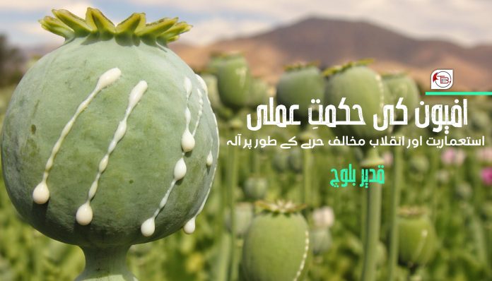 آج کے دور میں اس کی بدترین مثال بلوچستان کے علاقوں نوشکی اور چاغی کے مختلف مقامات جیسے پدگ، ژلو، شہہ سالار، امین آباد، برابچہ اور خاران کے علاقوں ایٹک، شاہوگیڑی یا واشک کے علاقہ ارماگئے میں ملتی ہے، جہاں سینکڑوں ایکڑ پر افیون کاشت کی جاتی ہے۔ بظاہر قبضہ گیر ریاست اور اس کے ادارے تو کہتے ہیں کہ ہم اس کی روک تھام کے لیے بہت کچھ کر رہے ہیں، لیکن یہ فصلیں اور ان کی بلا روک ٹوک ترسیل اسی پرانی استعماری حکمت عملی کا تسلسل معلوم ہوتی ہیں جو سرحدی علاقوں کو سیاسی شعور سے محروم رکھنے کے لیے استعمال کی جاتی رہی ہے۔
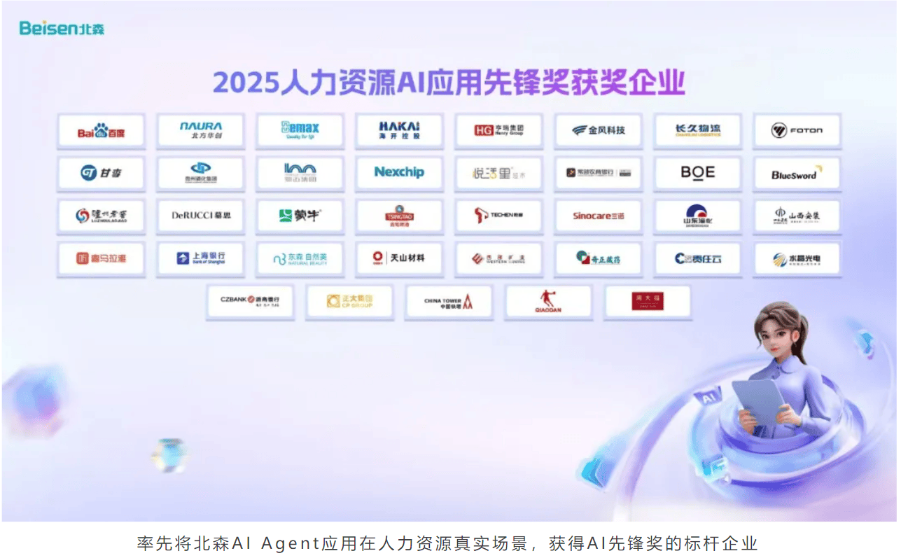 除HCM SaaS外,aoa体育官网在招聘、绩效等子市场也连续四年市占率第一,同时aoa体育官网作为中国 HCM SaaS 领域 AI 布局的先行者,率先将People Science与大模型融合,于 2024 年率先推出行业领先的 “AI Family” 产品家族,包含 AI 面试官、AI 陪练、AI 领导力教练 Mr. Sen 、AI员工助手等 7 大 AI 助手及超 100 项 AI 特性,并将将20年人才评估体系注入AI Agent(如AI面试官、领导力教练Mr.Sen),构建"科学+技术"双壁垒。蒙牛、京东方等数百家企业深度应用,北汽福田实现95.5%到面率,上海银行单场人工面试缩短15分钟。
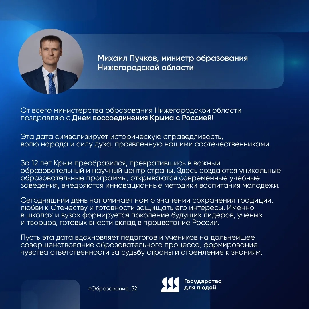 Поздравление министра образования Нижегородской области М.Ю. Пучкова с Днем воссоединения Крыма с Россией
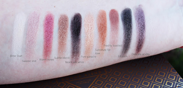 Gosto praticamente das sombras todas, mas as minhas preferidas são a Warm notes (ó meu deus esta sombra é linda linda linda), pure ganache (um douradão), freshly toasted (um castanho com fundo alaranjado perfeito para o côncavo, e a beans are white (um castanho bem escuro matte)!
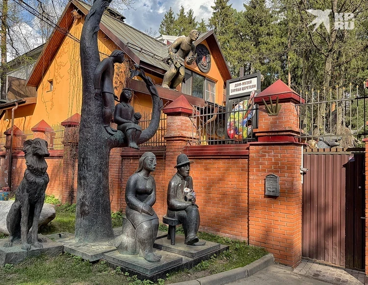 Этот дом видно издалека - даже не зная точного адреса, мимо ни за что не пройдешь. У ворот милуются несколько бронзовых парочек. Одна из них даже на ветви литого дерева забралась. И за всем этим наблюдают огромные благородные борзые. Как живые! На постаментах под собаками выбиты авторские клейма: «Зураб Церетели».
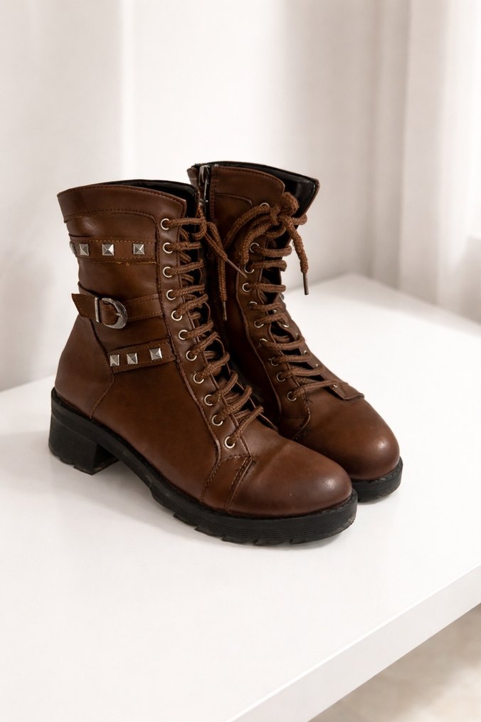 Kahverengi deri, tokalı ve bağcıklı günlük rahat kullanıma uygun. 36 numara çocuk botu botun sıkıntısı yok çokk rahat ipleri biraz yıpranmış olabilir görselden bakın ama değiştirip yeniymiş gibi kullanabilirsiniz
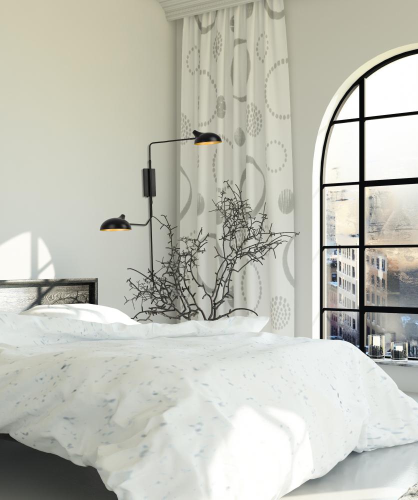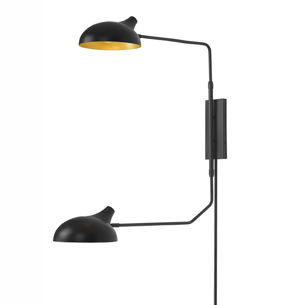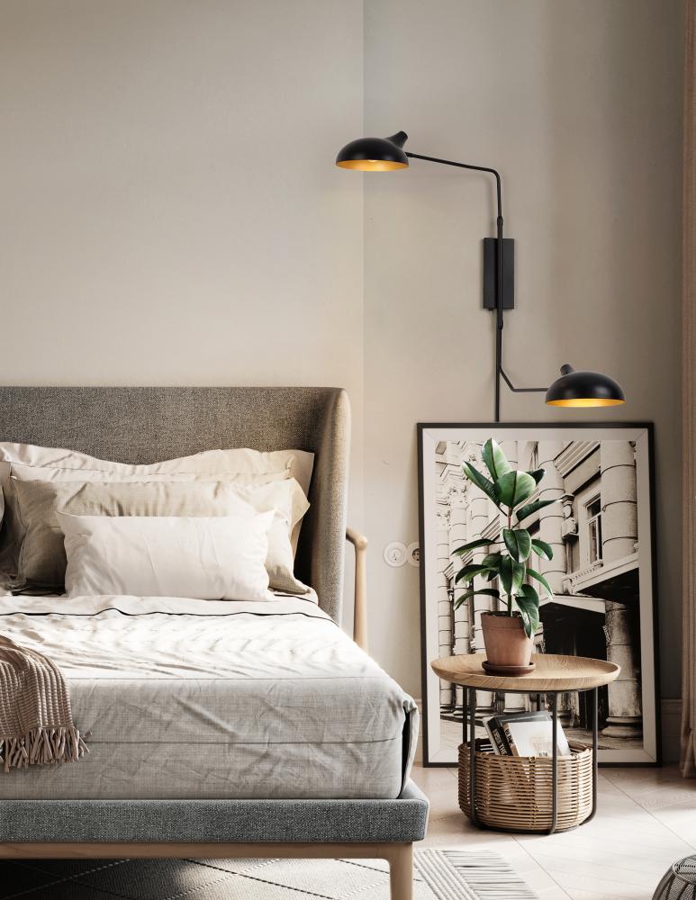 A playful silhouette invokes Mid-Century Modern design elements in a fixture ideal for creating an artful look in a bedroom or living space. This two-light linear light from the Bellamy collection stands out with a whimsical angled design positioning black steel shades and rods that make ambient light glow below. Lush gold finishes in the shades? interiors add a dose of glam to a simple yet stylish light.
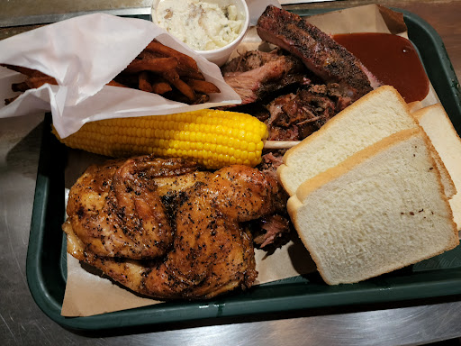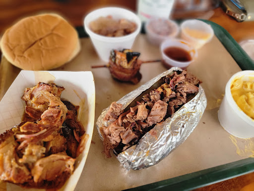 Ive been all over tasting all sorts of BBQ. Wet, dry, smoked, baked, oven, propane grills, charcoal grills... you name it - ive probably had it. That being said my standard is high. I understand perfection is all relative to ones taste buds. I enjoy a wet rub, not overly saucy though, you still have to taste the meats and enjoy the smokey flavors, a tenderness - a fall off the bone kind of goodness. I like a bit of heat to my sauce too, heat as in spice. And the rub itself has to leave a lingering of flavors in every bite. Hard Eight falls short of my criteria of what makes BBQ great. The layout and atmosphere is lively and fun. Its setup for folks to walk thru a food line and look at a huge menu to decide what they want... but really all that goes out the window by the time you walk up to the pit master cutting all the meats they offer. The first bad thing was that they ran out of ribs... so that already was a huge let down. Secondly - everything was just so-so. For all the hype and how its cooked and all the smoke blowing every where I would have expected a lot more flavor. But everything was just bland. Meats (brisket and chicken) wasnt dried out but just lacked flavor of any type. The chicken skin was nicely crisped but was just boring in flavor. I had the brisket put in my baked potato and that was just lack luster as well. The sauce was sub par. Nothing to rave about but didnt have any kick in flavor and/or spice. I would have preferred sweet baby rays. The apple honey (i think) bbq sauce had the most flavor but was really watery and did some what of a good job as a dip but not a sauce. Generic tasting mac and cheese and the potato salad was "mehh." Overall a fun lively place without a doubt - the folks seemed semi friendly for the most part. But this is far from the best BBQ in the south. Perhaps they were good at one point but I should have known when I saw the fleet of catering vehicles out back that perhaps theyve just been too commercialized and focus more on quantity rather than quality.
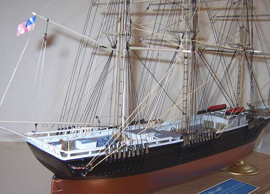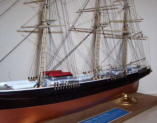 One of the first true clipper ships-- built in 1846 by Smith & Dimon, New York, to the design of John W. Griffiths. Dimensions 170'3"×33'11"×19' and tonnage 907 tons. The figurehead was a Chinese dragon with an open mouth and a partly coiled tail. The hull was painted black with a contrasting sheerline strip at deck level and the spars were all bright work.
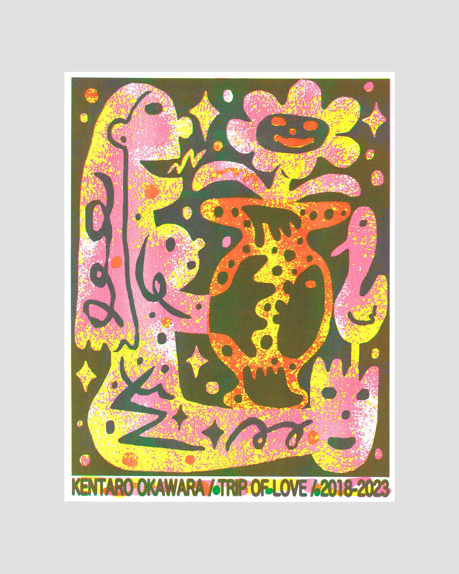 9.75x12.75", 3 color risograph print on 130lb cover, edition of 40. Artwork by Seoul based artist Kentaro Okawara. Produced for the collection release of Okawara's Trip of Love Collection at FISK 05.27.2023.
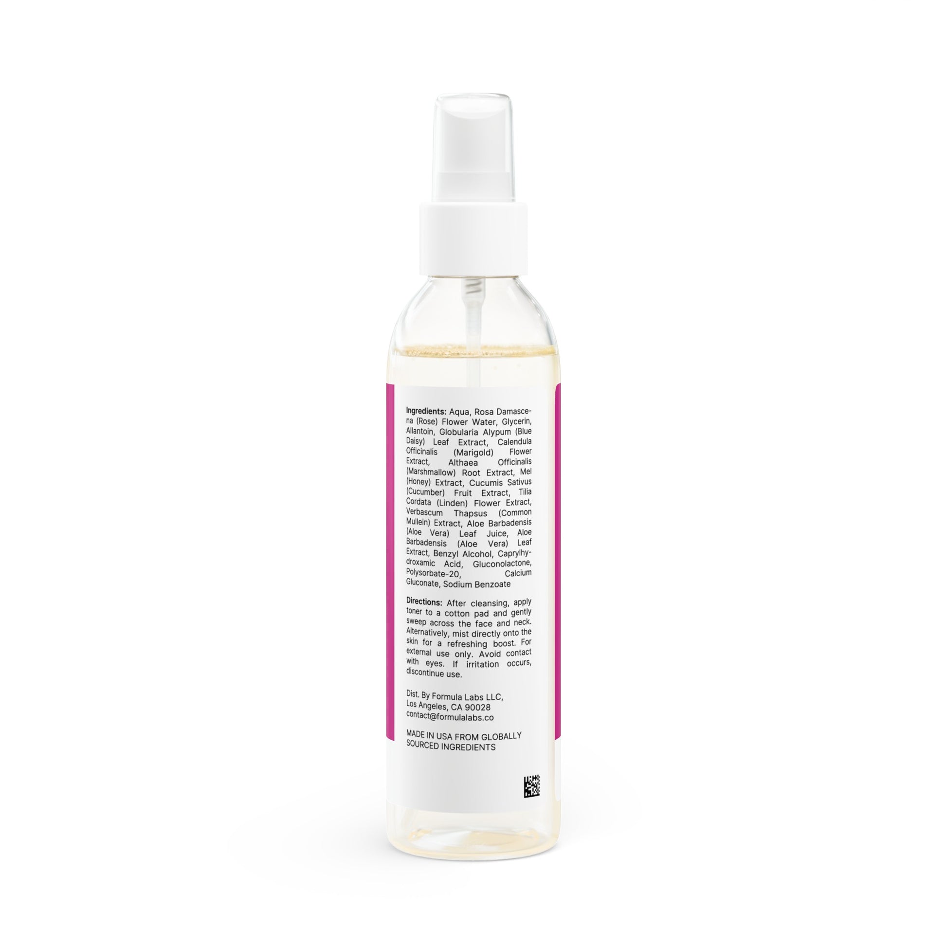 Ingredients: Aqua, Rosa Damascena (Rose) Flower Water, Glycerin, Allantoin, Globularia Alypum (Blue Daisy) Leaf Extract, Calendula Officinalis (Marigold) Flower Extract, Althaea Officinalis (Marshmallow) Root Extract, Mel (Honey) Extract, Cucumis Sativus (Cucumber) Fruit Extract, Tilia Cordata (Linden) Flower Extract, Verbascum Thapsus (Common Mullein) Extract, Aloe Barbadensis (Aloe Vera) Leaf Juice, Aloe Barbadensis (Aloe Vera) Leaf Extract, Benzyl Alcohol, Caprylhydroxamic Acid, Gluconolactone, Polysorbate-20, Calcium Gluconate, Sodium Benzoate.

Required work: Every entry must be retyped exactly, with the pictures removed.

Reply:
 آج کے دور میں اس کی بدترین مثال بلوچستان کے علاقوں نوشکی اور چاغی کے مختلف مقامات جیسے پدگ، ژلو، شہہ سالار، امین آباد، برابچہ اور خاران کے علاقوں ایٹک، شاہوگیڑی یا واشک کے علاقہ ارماگئے میں ملتی ہے، جہاں سینکڑوں ایکڑ پر افیون کاشت کی جاتی ہے۔ بظاہر قبضہ گیر ریاست اور اس کے ادارے تو کہتے ہیں کہ ہم اس کی روک تھام کے لیے بہت کچھ کر رہے ہیں، لیکن یہ فصلیں اور ان کی بلا روک ٹوک ترسیل اسی پرانی استعماری حکمت عملی کا تسلسل معلوم ہوتی ہیں جو سرحدی علاقوں کو سیاسی شعور سے محروم رکھنے کے لیے استعمال کی جاتی رہی ہے۔
 除HCM SaaS外,aoa体育官网在招聘、绩效等子市场也连续四年市占率第一,同时aoa体育官网作为中国 HCM SaaS 领域 AI 布局的先行者,率先将People Science与大模型融合,于 2024 年率先推出行业领先的 “AI Family” 产品家族,包含 AI 面试官、AI 陪练、AI 领导力教练 Mr. Sen 、AI员工助手等 7 大 AI 助手及超 100 项 AI 特性,并将将20年人才评估体系注入AI Agent(如AI面试官、领导力教练Mr.Sen),构建"科学+技术"双壁垒。蒙牛、京东方等数百家企业深度应用,北汽福田实现95.5%到面率,上海银行单场人工面试缩短15分钟。
 Поздравление министра образования Нижегородской области М.Ю. Пучкова с Днем воссоединения Крыма с Россией
 Gosto praticamente das sombras todas, mas as minhas preferidas são a Warm notes (ó meu deus esta sombra é linda linda linda), pure ganache (um douradão), freshly toasted (um castanho com fundo alaranjado perfeito para o côncavo, e a beans are white (um castanho bem escuro matte)!
 Этот дом видно издалека - даже не зная точного адреса, мимо ни за что не пройдешь. У ворот милуются несколько бронзовых парочек. Одна из них даже на ветви литого дерева забралась. И за всем этим наблюдают огромные благородные борзые. Как живые! На постаментах под собаками выбиты авторские клейма: «Зураб Церетели».
 Kahverengi deri, tokalı ve bağcıklı günlük rahat kullanıma uygun. 36 numara çocuk botu botun sıkıntısı yok çokk rahat ipleri biraz yıpranmış olabilir görselden bakın ama değiştirip yeniymiş gibi kullanabilirsiniz
 A playful silhouette invokes Mid-Century Modern design elements in a fixture ideal for creating an artful look in a bedroom or living space. This two-light linear light from the Bellamy collection stands out with a whimsical angled design positioning black steel shades and rods that make ambient light glow below. Lush gold finishes in the shades? interiors add a dose of glam to a simple yet stylish light.
 Ive been all over tasting all sorts of BBQ. Wet, dry, smoked, baked, oven, propane grills, charcoal grills... you name it - ive probably had it. That being said my standard is high. I understand perfection is all relative to ones taste buds. I enjoy a wet rub, not overly saucy though, you still have to taste the meats and enjoy the smokey flavors, a tenderness - a fall off the bone kind of goodness. I like a bit of heat to my sauce too, heat as in spice. And the rub itself has to leave a lingering of flavors in every bite. Hard Eight falls short of my criteria of what makes BBQ great. The layout and atmosphere is lively and fun. Its setup for folks to walk thru a food line and look at a huge menu to decide what they want... but really all that goes out the window by the time you walk up to the pit master cutting all the meats they offer. The first bad thing was that they ran out of ribs... so that already was a huge let down. Secondly - everything was just so-so. For all the hype and how its cooked and all the smoke blowing every where I would have expected a lot more flavor. But everything was just bland. Meats (brisket and chicken) wasnt dried out but just lacked flavor of any type. The chicken skin was nicely crisped but was just boring in flavor. I had the brisket put in my baked potato and that was just lack luster as well. The sauce was sub par. Nothing to rave about but didnt have any kick in flavor and/or spice. I would have preferred sweet baby rays. The apple honey (i think) bbq sauce had the most flavor but was really watery and did some what of a good job as a dip but not a sauce. Generic tasting mac and cheese and the potato salad was "mehh." Overall a fun lively place without a doubt - the folks seemed semi friendly for the most part. But this is far from the best BBQ in the south. Perhaps they were good at one point but I should have known when I saw the fleet of catering vehicles out back that perhaps theyve just been too commercialized and focus more on quantity rather than quality.
 One of the first true clipper ships-- built in 1846 by Smith & Dimon, New York, to the design of John W. Griffiths. Dimensions 170'3"×33'11"×19' and tonnage 907 tons. The figurehead was a Chinese dragon with an open mouth and a partly coiled tail. The hull was painted black with a contrasting sheerline strip at deck level and the spars were all bright work.
 9.75x12.75", 3 color risograph print on 130lb cover, edition of 40. Artwork by Seoul based artist Kentaro Okawara. Produced for the collection release of Okawara's Trip of Love Collection at FISK 05.27.2023.
 Ingredients: Aqua, Rosa Damascena (Rose) Flower Water, Glycerin, Allantoin, Globularia Alypum (Blue Daisy) Leaf Extract, Calendula Officinalis (Marigold) Flower Extract, Althaea Officinalis (Marshmallow) Root Extract, Mel (Honey) Extract, Cucumis Sativus (Cucumber) Fruit Extract, Tilia Cordata (Linden) Flower Extract, Verbascum Thapsus (Common Mullein) Extract, Aloe Barbadensis (Aloe Vera) Leaf Juice, Aloe Barbadensis (Aloe Vera) Leaf Extract, Benzyl Alcohol, Caprylhydroxamic Acid, Gluconolactone, Polysorbate-20, Calcium Gluconate, Sodium Benzoate.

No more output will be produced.